Add rsyslog portions for further refinement

2024-04-02 13:48:55 -07:00 · 2024-04-02 13:48:55 -07:00 · 1260f2ce54
commit 1260f2ce54
parent 47573d1181
7 changed files with 168 additions and 9 deletions
--- a/files/etc/logrotate.d/syslogserver
+++ b/files/etc/logrotate.d/syslogserver
@ -0,0 +1,13 @@
 /var/log/remote/*.log
 {
  daily
  rotate 5
  missingok
  sharedscripts
  compress
  copytruncate
  minsize 100k
  postrotate
    /usr/bin/systemctl -s HUP kill rsyslog.service >/dev/null 2>&1 || true
  endscript
 }
--- a/handlers/main.yml
+++ b/handlers/main.yml
@ -63,6 +63,11 @@
    state: restarted
    daemon_reload: true
 - name: restart_rsyslog
  ansible.builtin.service:
    name: rsyslog
    state: restarted
 - name: enable_crb
  ansible.builtin.shell: "set -o pipefail && /usr/bin/crb enable"
  changed_when: "1 != 1"
--- a/init-rocky-syslog-client.yml
+++ b/init-rocky-syslog-client.yml
@ -0,0 +1,45 @@
 ---
 # This should already be taken care of in the system-config. But run this
 # manually for boxes that need it.
 - name: Setup a syslog client
  hosts: "{{ host }}"
  become: true
  vars_files:
    # Vaults required
    # vars/vaults/encpass.yml
    # vars/vaults/hostman.yml
    # vars/graylog.yml
    - vars/syslog.yml
  vars:
    syslog_type: "client"
  # This is to try to avoid the handler issue in pre/post tasks
  handlers:
    - import_tasks: handlers/main.yml
  pre_tasks:
    - name: Check if ansible cannot be run here
      stat:
        path: /etc/no-ansible
      register: no_ansible
    - name: Verify if we can run ansible
      ansible.builtin.assert:
        that:
          - "not no_ansible.stat.exists"
        success_msg: "We are able to run on this node"

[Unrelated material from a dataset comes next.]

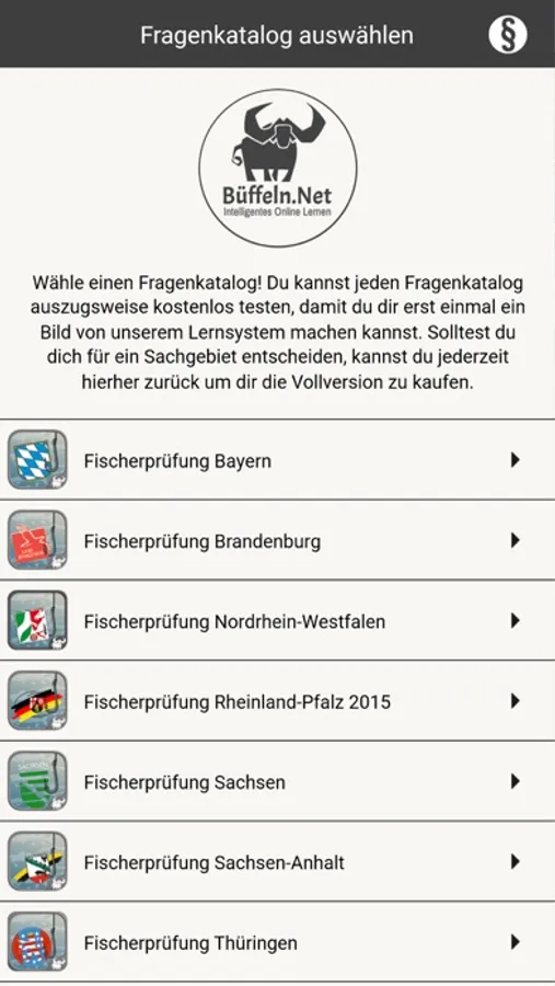 Mit dieser App können für folgende Bundesländer Fragen für die Fischerprüfung bzw. Angelschein gelernt werden: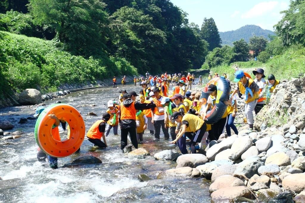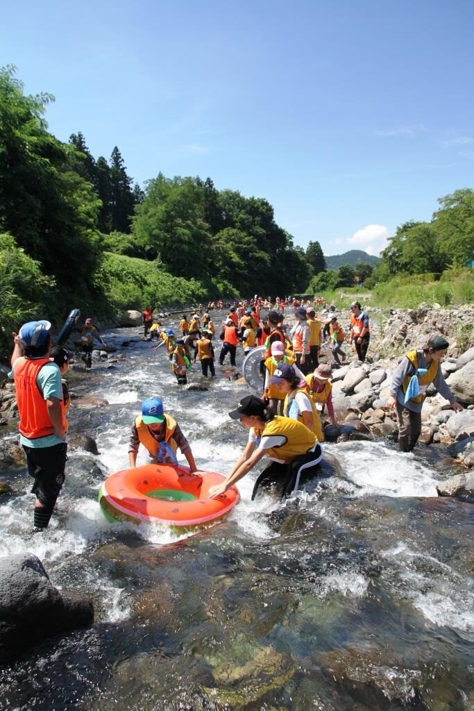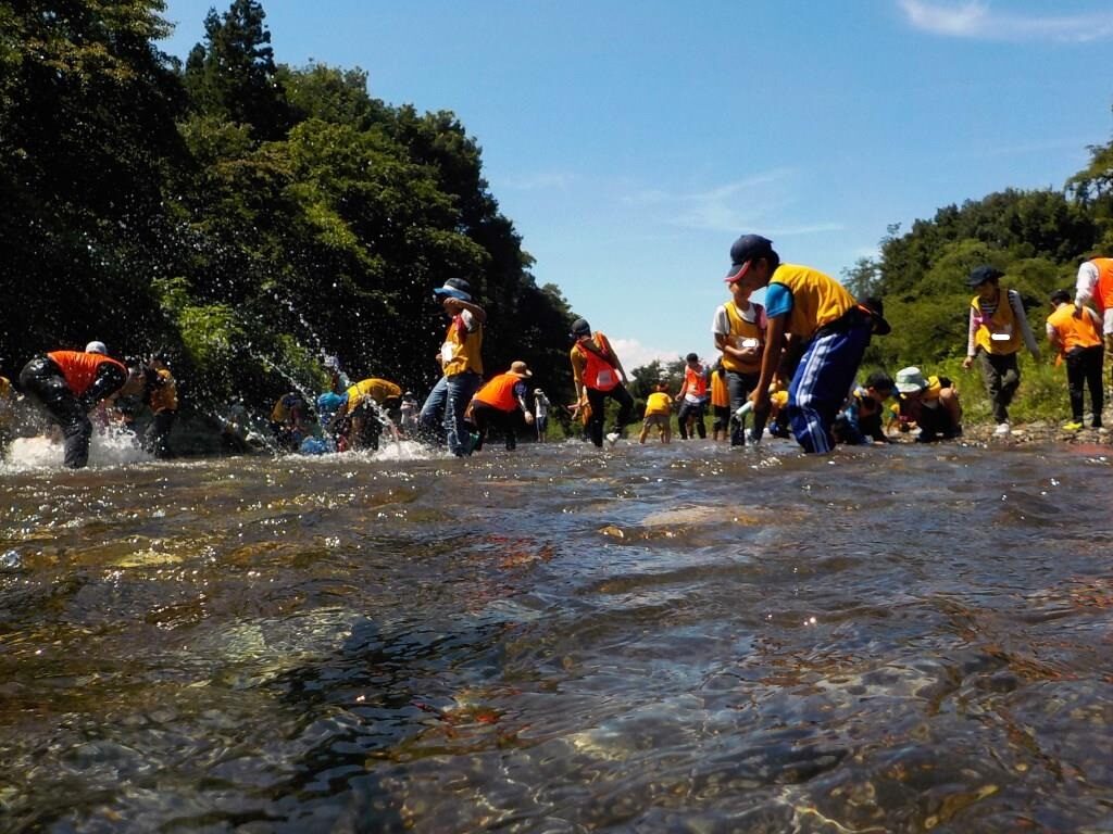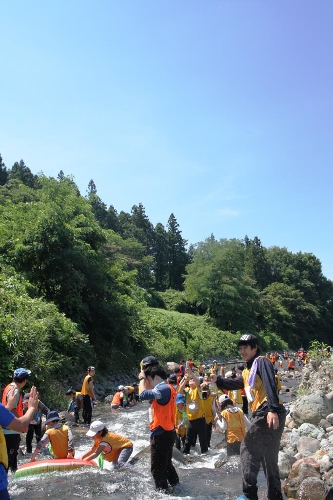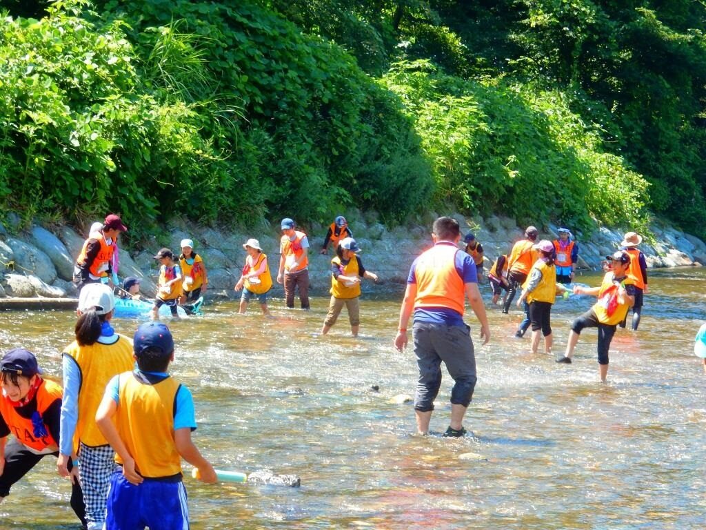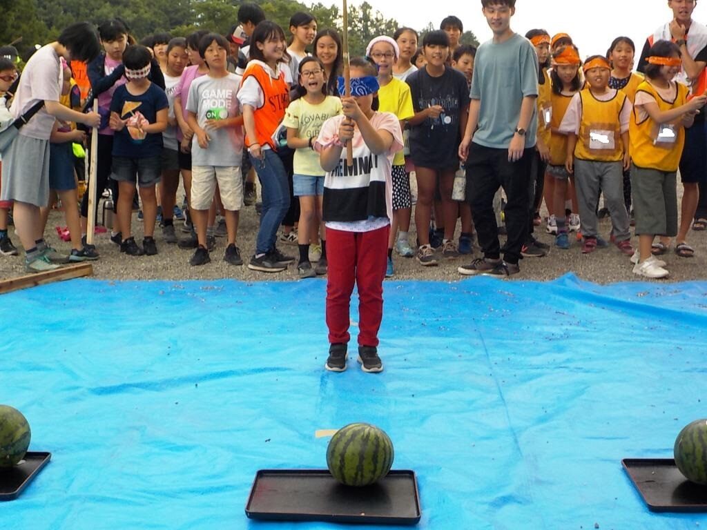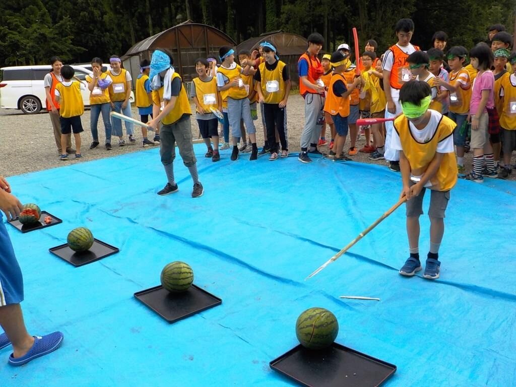 連日の猛暑に疲れ気味かと思いきや、みんな目を輝かせている3日目の朝。それもそのはず。今日は待ちに待った川遊びの日です。やはり川場の夏と言えば「川遊び」ですね。川までの道中も軽やかな様子で、きっと川遊びだけでなく、村内へ出かける楽しみもあったことでしょう。冷たい川場の清流で、思いっきりはしゃいだ後には、スイカ割りも楽しみ、川場の夏を満喫しました。

        fail_msg: "/etc/no-ansible exists - skipping run on this node"
  tasks:
    - name: Setup syslog
      ansible.builtin.import_tasks: "tasks/syslog.yml"
  post_tasks:
    - name: Touching run file that ansible has ran here
      ansible.builtin.file:
        path: /var/log/ansible.run
        state: touch
        mode: '0644'
        owner: root
        group: root
 ...
--- a/role-rocky-syslog-server.yml
+++ b/role-rocky-syslog-server.yml
@ -0,0 +1,48 @@
 ---
 # Configure and setup graylog
 # Reccommended specs
 # CPU: 2 cores
 # Memory: 4GB
 # Storage: Yes
 - name: Install syslog server
  hosts: syslog
  become: true
  vars_files:
    # Vaults required
    # vars/vaults/encpass.yml
    # vars/vaults/hostman.yml
    # vars/graylog.yml
    - vars/syslog.yml
  vars:
    syslog_type: "server"
  # This is to try to avoid the handler issue in pre/post tasks
  handlers:
    - import_tasks: handlers/main.yml
  pre_tasks:
    - name: Check if ansible cannot be run here
      stat:
        path: /etc/no-ansible
      register: no_ansible
    - name: Verify if we can run ansible
      ansible.builtin.assert:
        that:
          - "not no_ansible.stat.exists"
        success_msg: "We are able to run on this node"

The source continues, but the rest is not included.